The purchase by MetLife of Alico is valued at US$16.2 billion, which was achieved by a cash payment of US$7.2 billion, with the remaining balance of US$9 billion in MetLife securities. The new deal by MetLife for Alico follows the purchase by Mitsui Sumitomo's MS&AD Holdings for MetLife's Japanese joint venture with Mitsue Sumitomo for ¥22.52 billion (US$275 million).
Prior to the takeover of Alico, the life insurer MetLife had a reach in over 50 countries. The subsequent deal by MetLife now means the combined customer base exceeds 90 million clients; this makes MetLife one the largest life insurance companies globally offering protection products which include, life, savings, accidents, travel, retirement, business and health insurance.
The US government was called upon to bailout the AIG Group - which at the time of the worldwide financial meltdown in 2008 - had a global network of financial institutions; the complete collapse of the group would have caused a domino effect in international financial markets further heightening the effects of the financial downturn. Consequently, a US$180 billion bailout package was structured by the US government to secure AIG's future, which is now seeking opportunities to raise capital to pay-back US tax payers - which the company promised would be achieved when receiving the bailout funds.
AIG Chief Executive Robert Benmosche said: "We promised the American taxpayers we would repay them and the initial public offering of AIA last week and the completion of the Alico transaction move us closer to delivering on our promise."

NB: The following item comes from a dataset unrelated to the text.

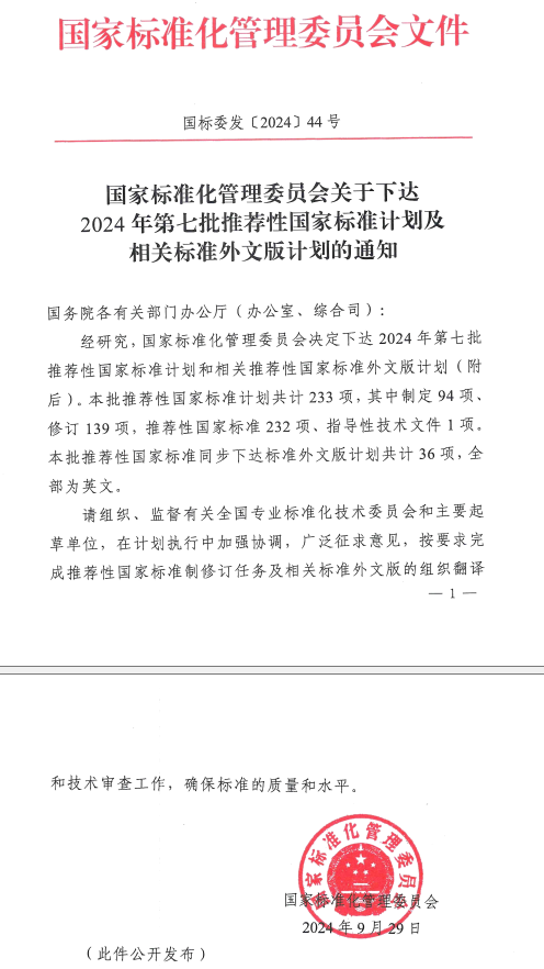 近日,国家标准化管理委员会[2024]44号“关于下达2024年第七批推荐性国家标准计划及相关标准外文版计划的通知”,其中由线上娱乐城

Recently AIG agreed to a $4.8 billion sale of its AIG Star Life Insurance Company and AIG's Edison Life Insurance to Prudential Financial. AIG intend to continue to seek opportunities for disinvestment of the group's businesses and other ventures in order to generate income. Even though AIG has become a slimmer and leaner insurer since its bailout, it still holds a strategic position in Asia through its Asian arm AIA.
Since the global financial downturn took effect in late 2007, the international landscape has changed for financial institutions, with Asia emerging as a prime hub for financial providers including insurers. AIG's retention of its Asian subsidiary AIA may prove to be a vital stepping stone for long-term prosperity in a region of the world, which is expected to expand and be dominant in the future.

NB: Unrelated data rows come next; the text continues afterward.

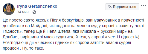"Это просто праздник какой-то. После беркутовцев, обвиняемых в причастности к убийствам на Майдане, которые подали на меня в суд по делу "защиты чести и достоинства", теперь еще и Неля Штепа, которая звала "русский мир" на Донбасс, решила со мной судиться, и тоже, в деле "чести и достоинства"", - сообщила Геращенко.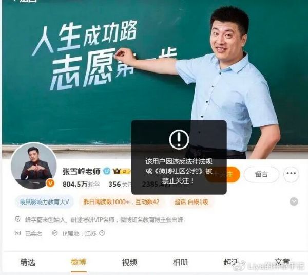 时间拉回9月24日,张雪峰的全平台账号突然集体“失声”,四大平台都标注“违反法律法规或社区公约”,当时他的粉丝总和已超6500万。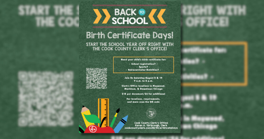 The Cook County Clerk’s Office will be hosting Back-to-School Birth Certificate Days on Saturday, August 5, and Saturday, August 19, from 9 a.m. to 2 p.m. at Clerk’s Office locations in Markham, Maywood, and downtown Chicago.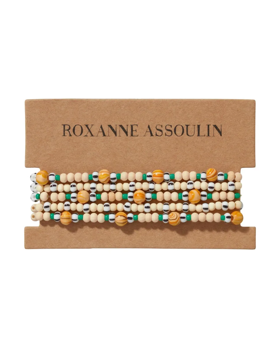 Whimsical, colorful, and crafted with tone-perfect details, Roxanne Assoulin’s four decades of experience—designing for the likes of Marc Jacobs and Oscar de la Renta—are expressed in every piece of her candy-inspired collection of bracelets, chokers, earrings, and more. As the brand likes to say, and as every “it” girl knows, it’s jewelry that makes you smile. The Life’s a Beach Bunch brings a chic, effortlessly off-duty summer energy to any look.

Insurance Companies Mentioned:
AIG
The American International Group is a leading international insurance organization with operations in more than 130 countries and jurisdictions globally.
AIA
AIA is a Hong Kong-based life insurance company doing business across Asia that has been in business since 1919. They service over 20 million policies through 23,000 employees and 300,000 agents throughout markets in Asia, including; Vietnam, Thailand, Taiwan, South Korea, Singapore, Philippines, New Zealand, Malaysia, Macau, Indonesia, India, Hong Kong, Mainland China, Brunei and Australia.
MetLife
Possessing over 140 years of insurance expertise, MetLife aims to be an innovator in the field of international Life insurance. Globally, MetLife is able to offer its clients accident and health insurance, life insurance, disability income protection, and retirement and savings products.
Alico
Alico provides a broad and innovative range of insurance and savings products to individual customers, corporate clients and high net worth customers. With products to support every aspect of their customers' lives, and provide comprehensive cover for the employees and commercial needs of their business clients.
Prudential
Prudential has been in the insurance and financial services business since 1848. Today they operate throughout the UK, US and Asia offering international health insurance and retirement planning services, supported by 27,000 employees worldwide.